Recorded data section start

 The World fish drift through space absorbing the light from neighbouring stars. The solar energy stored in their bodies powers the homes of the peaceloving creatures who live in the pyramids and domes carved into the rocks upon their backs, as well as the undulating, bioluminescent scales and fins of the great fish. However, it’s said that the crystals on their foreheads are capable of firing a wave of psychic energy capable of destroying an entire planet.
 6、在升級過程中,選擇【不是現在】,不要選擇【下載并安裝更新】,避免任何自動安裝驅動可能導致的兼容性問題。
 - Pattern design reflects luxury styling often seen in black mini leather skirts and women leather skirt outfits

Recorded data section end
Recorded data section start

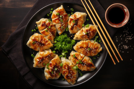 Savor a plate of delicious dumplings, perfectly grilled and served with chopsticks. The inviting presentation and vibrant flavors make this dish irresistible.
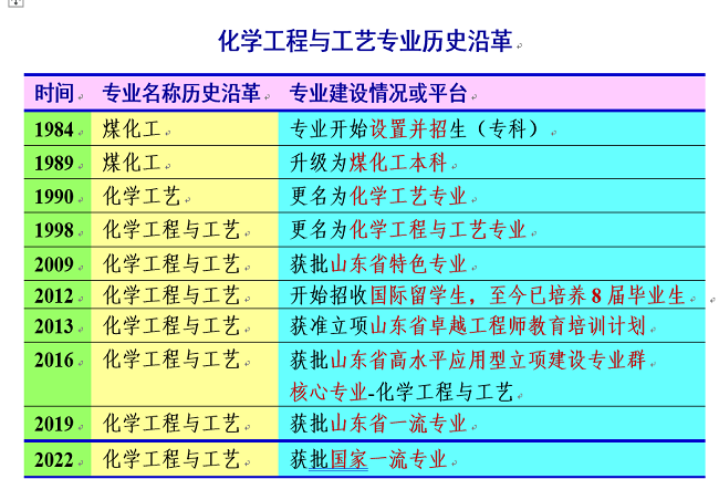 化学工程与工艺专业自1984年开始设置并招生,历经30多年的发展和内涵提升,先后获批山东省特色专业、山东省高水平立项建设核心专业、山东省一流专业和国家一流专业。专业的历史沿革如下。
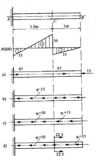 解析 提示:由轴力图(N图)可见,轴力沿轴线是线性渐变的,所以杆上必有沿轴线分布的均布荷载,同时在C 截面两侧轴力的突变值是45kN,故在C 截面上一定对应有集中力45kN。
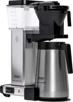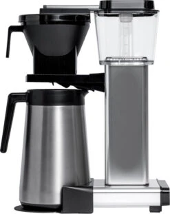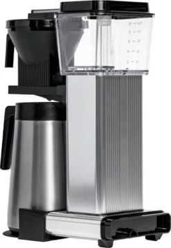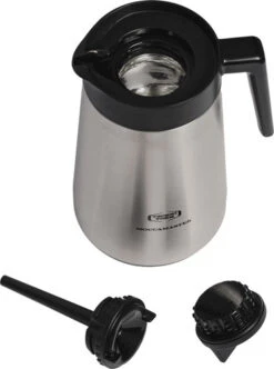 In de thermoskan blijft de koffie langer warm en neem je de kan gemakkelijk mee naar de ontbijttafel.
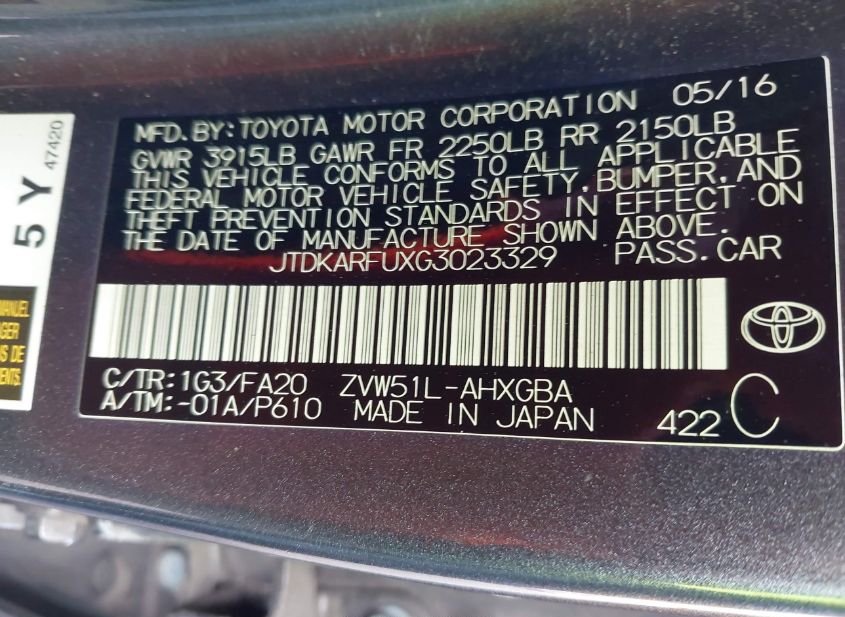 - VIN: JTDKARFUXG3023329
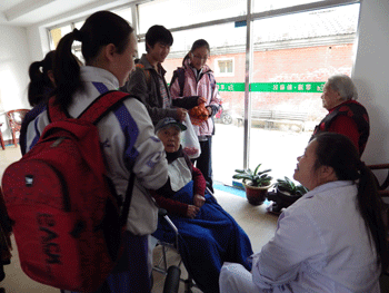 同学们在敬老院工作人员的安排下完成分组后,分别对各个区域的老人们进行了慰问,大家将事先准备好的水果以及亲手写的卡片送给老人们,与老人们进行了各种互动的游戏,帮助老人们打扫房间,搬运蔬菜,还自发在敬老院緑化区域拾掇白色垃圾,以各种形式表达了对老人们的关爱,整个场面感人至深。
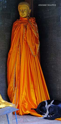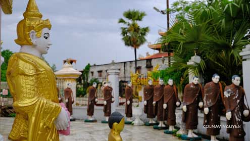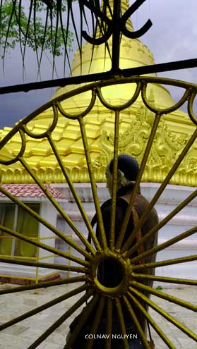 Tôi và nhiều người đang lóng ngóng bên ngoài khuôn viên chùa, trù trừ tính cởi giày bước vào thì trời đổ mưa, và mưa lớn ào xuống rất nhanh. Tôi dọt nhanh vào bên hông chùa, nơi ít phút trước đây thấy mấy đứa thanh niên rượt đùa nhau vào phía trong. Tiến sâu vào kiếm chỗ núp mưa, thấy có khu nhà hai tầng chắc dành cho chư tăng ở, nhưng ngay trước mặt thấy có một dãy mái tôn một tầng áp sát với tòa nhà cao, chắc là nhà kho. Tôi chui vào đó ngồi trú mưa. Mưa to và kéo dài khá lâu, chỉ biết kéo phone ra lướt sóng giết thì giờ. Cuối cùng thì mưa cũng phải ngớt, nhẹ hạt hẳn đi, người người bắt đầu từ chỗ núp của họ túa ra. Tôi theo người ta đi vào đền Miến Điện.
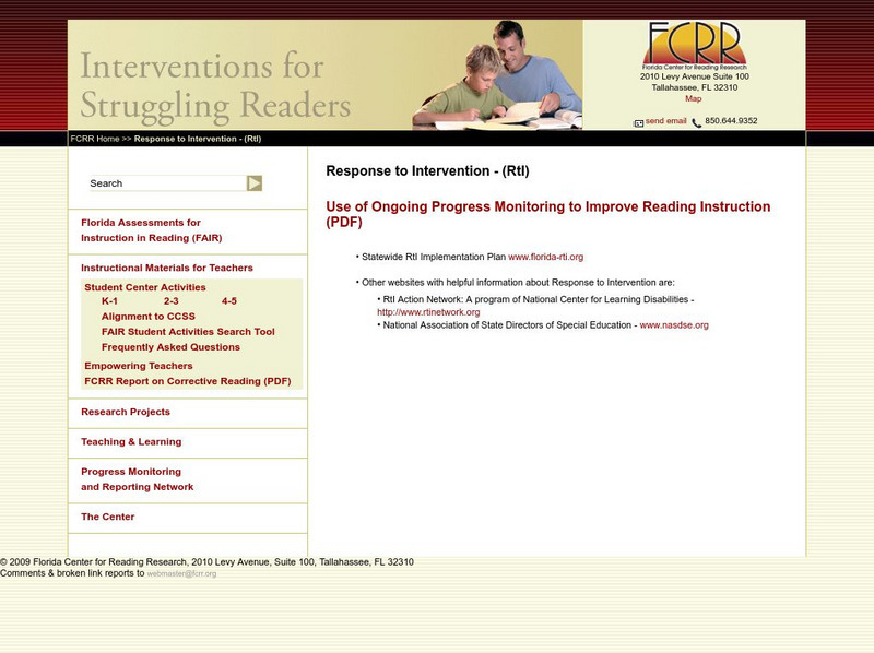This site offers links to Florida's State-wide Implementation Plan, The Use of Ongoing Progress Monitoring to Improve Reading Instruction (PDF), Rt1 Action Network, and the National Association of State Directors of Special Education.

Recorded data section end

The task: Begin with the line above that has "The World fish" and continue through the line that has "- Pattern design", setting each one down exactly. Stop there.

Problem solution:
 The World fish drift through space absorbing the light from neighbouring stars. The solar energy stored in their bodies powers the homes of the peaceloving creatures who live in the pyramids and domes carved into the rocks upon their backs, as well as the undulating, bioluminescent scales and fins of the great fish. However, it’s said that the crystals on their foreheads are capable of firing a wave of psychic energy capable of destroying an entire planet.
 6、在升級過程中,選擇【不是現在】,不要選擇【下載并安裝更新】,避免任何自動安裝驅動可能導致的兼容性問題。
 - Pattern design reflects luxury styling often seen in black mini leather skirts and women leather skirt outfits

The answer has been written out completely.